Ao retomar as intuições de marxistas latino-americanos como José Carlos Mariátegui, os teólogos da libertação nos ajudam também a revalorizar certas tradições comunitárias pré-capitalistas, conservadas pela cultura popular (notadamente camponesa) e a desconfiar do culto cego do "progresso" econômico, da "modernização" capitalista e do "desenvolvimento das forças produtivas" como um objetivo em si. Os cristãos revolucionários se mostraram mais sensíveis às catástrofes sociais provocadas pelo "desenvolvimento do subdesenvolvimento" sob a batuta das multinacionais do que muitos marxistas aprisionados nas malhas da lógica desenvolvimentista puramente econômica.
3) Em revolta contra o autoritarismo da Igreja, os cristãos pela libertação desconfiam do autoritarismo político nos sindicatos e partidos políticos. Seu "basismo" que toma por vezes formas ingênuas e excessivas, é uma reação compreensível face às práticas antidemocráticas, corrompidas ou manipuladoras dos aparelhos burocráticos populistas ou stalinistas. Corretamente formuladas, esta sensibilidade anti-autoritária e esta aspiração à uma democracia de base não são uma contribuição preciosa à auto-organização dos oprimidos e a uma recomposição anti-burocrática do movimento operário?
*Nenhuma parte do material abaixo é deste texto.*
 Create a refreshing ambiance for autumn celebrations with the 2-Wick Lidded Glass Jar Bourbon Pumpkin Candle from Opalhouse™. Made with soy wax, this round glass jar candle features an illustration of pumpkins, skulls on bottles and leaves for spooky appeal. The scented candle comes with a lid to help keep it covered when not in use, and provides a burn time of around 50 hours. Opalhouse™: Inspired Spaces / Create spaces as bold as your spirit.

4) Os teólogos da libertação nos incitam a refletir sobre a dimensão moral do engajamento revolucionário, da luta contra a injustiça social, e da construção de uma nova sociedade. Os jesuítas sempre foram conhecidos, aos olhos de seus adversários, como partidários da máxima amoral "o fim justifica todos os meios". Trotsky, em "Nossa Moral e a Deles" os defende dessa acusação, e observa que uma tal doutrina, tomada no seu sentido estrito, seria "internamente contraditória e psicologicamente absurda". Em todo caso, os novos jesuítas revolucionários, como Ernesto e Fernando Cardenal, membros do governo- sandinista, têm pouco em comum com este tipo de maquiavelismo: seu engajamento político é inseparável de certos valores éticos. É, em grande medida, graças ao papel dos cristãos sandinistas que a revolução nicaragüense é a primeira revolução social autêntica, depois de 1789, que aboliu a pena de morte. Um exemplo a ser seguido.
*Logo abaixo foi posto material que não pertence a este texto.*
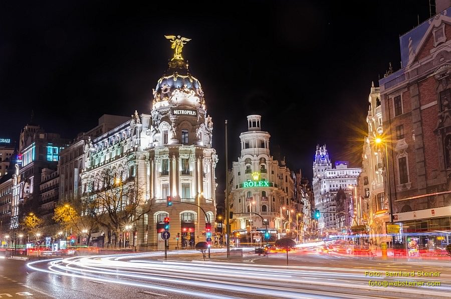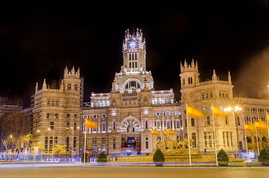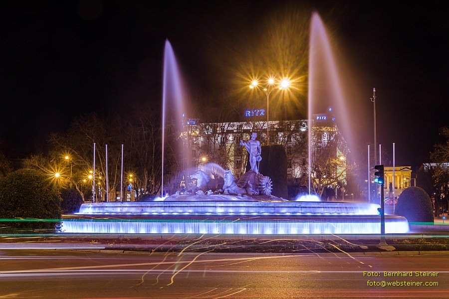 Der viele Autoverkehr verlangt geradezu danach, den Platz in der Nacht mit seinen Lichtspuren zu verewigen. Im Hintergrund ist der Palacio de Comunicaciones, das ehemalige Hauptpostgebäude, das seit Ende 2007 Sitz der Stadtverwaltung von Madrid ist und 2011 in Palacio de Cibeles umbenannt wurde.

5) Finalmente, a teologia da libertação obriga os marxistas a re-examinar certos aspectos de sua doutrina tradicional sobre a religião: se esta jogou e joga ainda na maior parte dos casos um papel de "ópio do povo", não poderia também agir algumas vezes como estimulante do povo, como um apelo que desperta os oprimidos de seu torpor, de sua passividade, de seu fatalismo, e lhes faz tomar consciência de seus direitos, de sua força, de seu futuro?
Quais são então as críticas que se pode dirigir aos teólogos da libertação? As discussões mais urgentes com os cristãos pela libertação não são os debates sobre o materialismo, sobre a alienação religiosa ou sobre a história da Igreja (e ainda menos sobre a existência de Deus), mas sobre questões eminentemente práticas e atuais: por exemplo, qual estratégia revolucionária, qual partido de vanguarda, qual socialismo; ou então, divórcio, aborto, contracepção, o direito das mulheres à dispor de seu corpo. Trata-se na realidade de debates que se referem ao conjunto do movimento operário latino-americano, que está longe de ter uma orientação coerente sobre estes problemas.
É difícil prever qual será a saída do conflito entre Vaticano e a teologia da libertação, entre a Igreja conservadora e a Igreja dos pobres. Em todo caso, uma conclusão se impõe como verdadeira: a revolução na América Latina se fará com os cristãos ou não se fará.